From the foregoing pages it must be manifest that any improvement in the increasingly bad quality of kerosene can be looked for only from one of two directions. Either it must come from the development of a new field for crude oil of superior quality, or from the introduction of new methods of manufacture. There are no indications at present that warrant any expectation that any material change is imminent in the character of the crude oil. The change must, therefore, come from the introduction of different methods of manufacture. These methods need be neither novel nor unreasonably expensive. Cracked oils of good quality are nothing new, but I have never seen them made by one distillation and one treatment. Cracked oils should be finished by distillation, not treatment. A second distillation would enable the refiner to first remove the two volatile products of cracking and the heavy, uncracked portion of the paraffine-oil, besides destroying the sulphur compounds. But such a technology would so far increase the cost of the oil that those employing it could not compete in the market with those who did not, except by virtue of the superior quality of their oil.
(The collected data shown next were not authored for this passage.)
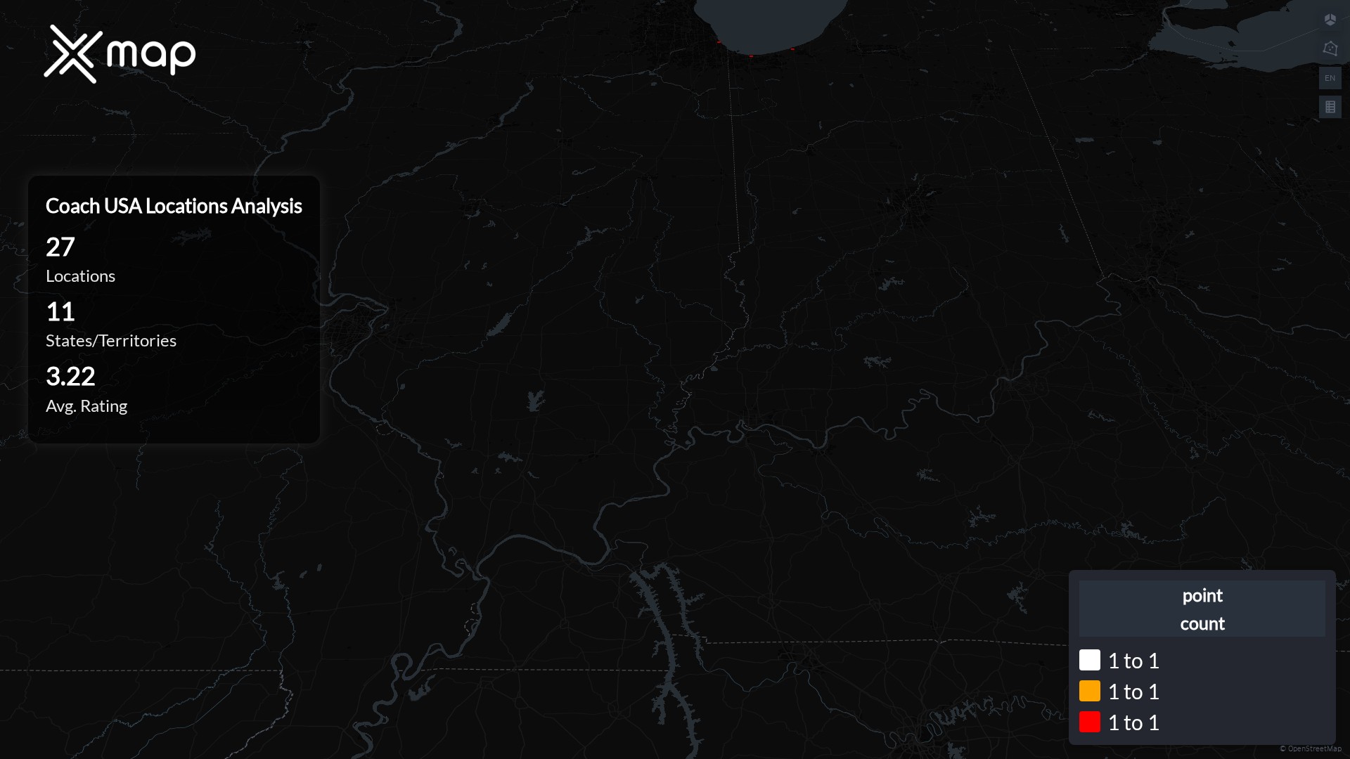 Coach USA POI data enables clear measurement of footprint and demand. Analysts can rank states and cities by location count, compare coverage on a per-capita basis, and use traffic scores and review volumes to spot high-performing markets and under-served pockets. The result is an objective view of saturation, growth opportunities, and performance outliers.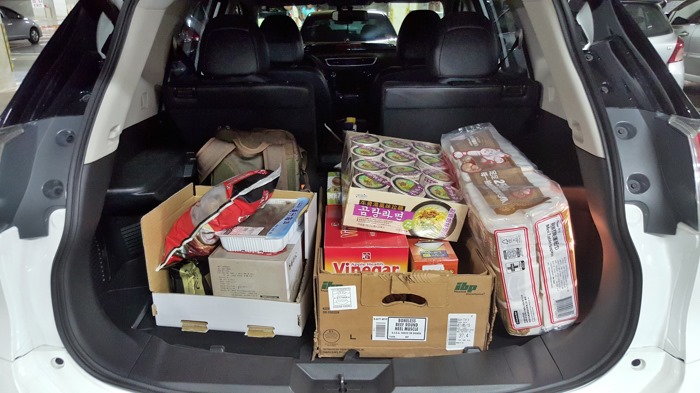 回程後突然想到家中的冰箱與食物都快見底,趁開著有大行李箱的 X-TRAIL,順道前往大賣場補貨,除了一般乾糧外,當然還要冷凍食品,一次就買了兩大箱,但這兩大箱對於超大行李空間的 X-TRAIL 真的只是小 Case,加上行李與背包,還有相當大的空間可擺放。
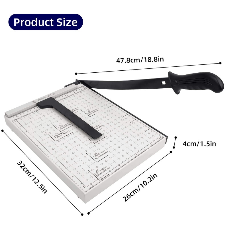 This 30cm steel base guillotine cutter is a reliable tool for A4 paper and beyond-compatible with cardstock, laminated sheets, vinyl, and photo paper. It cuts up to 10 sheets per pass with a sharp guillotine blade, paired with a cutting guide for precision. The 1.6kg compact design (30cm×25cm) saves space, while the non-slip base and safety lock ensure safe use. Ideal for offices, craft rooms, or home projects, it combines versatility, convenience, and safety for seamless paper-cutting tasks.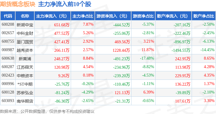 从资金流向上来看,当日期货概念板块主力资金净流出1.07亿元,游资资金净流出1018.69万元,散户资金净流入1.17亿元。期货概念板块个股资金流向见下表: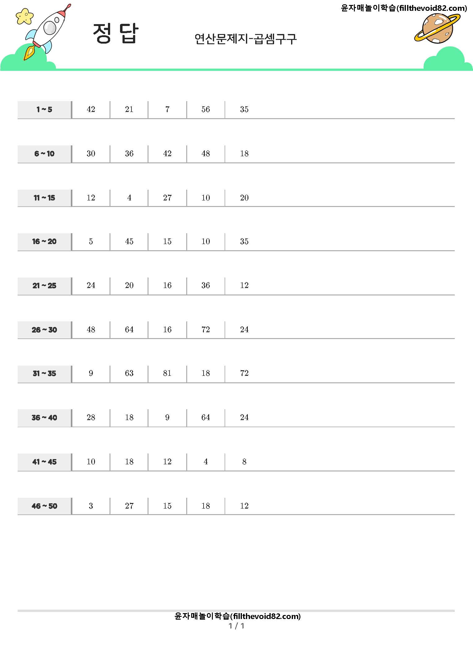 2단~9단까지의 연산을 가로셈으로 학습해볼 수 있는 문제지입니다.

It is in respect to this difficulty that the public weal could be well served by judicious legislation that in its broadest sense might well be considered sanitary legislation. It is a proper subject for physicians to determine, what the precise effects upon the general health may be resulting from the combustion in lamps and stoves of the vast quantities of inferior oils that are daily consumed throughout the country. That the effect must be bad, determining a tendency to certain forms of disease and aggravating others, can not fail to be apparent to the most unreflecting person, especially when it is considered in how few instances any means are employed to remove from the apartment in which these oils are burned the products of combustion. When under such circumstances a pure oil is burned into pure water and carbonic acid, the atmosphere receives a sufficient burden; but when to these are added vapors of burned sulphur and a variety of irritating vapors with smoke, the eyes, lungs, and nostrils pay a heavy tribute. Added to this is the new source of danger from fire resulting from explosions arising from imperfect combustion—a source of danger not hitherto recognized in legislation, but of not infrequent occurrence.
For the reasons stated, it appears that the health and safety of the public, and the protection of those manufacturers who would make a radical change in the methods of manufacture now employed, alike demand legislation that will exclude from the market not only oils that are unsafe from excess of naphtha, but those which in their general character are unhealthful to use and unsafe from other causes. Such legislation should be based upon an exhaustive scientific examination of the subject, with a view to placing the fewest restrictions upon the manufacture and sale of these oils consistent with the demands of public health and safety. Such an investigation can best be undertaken by the General Government, to be followed by such amendments to the national legislation now in force as the results might justify. Such national legislation, based upon a comprehensive knowledge of the subject, could not fail to be followed by a general revision of State and municipal legislation throughout the country and the enactment of uniform laws that, while securing the adequate protection of the public, would no longer embarrass by needless and unreasonable requirements the manufacture and sale of articles in universal demand.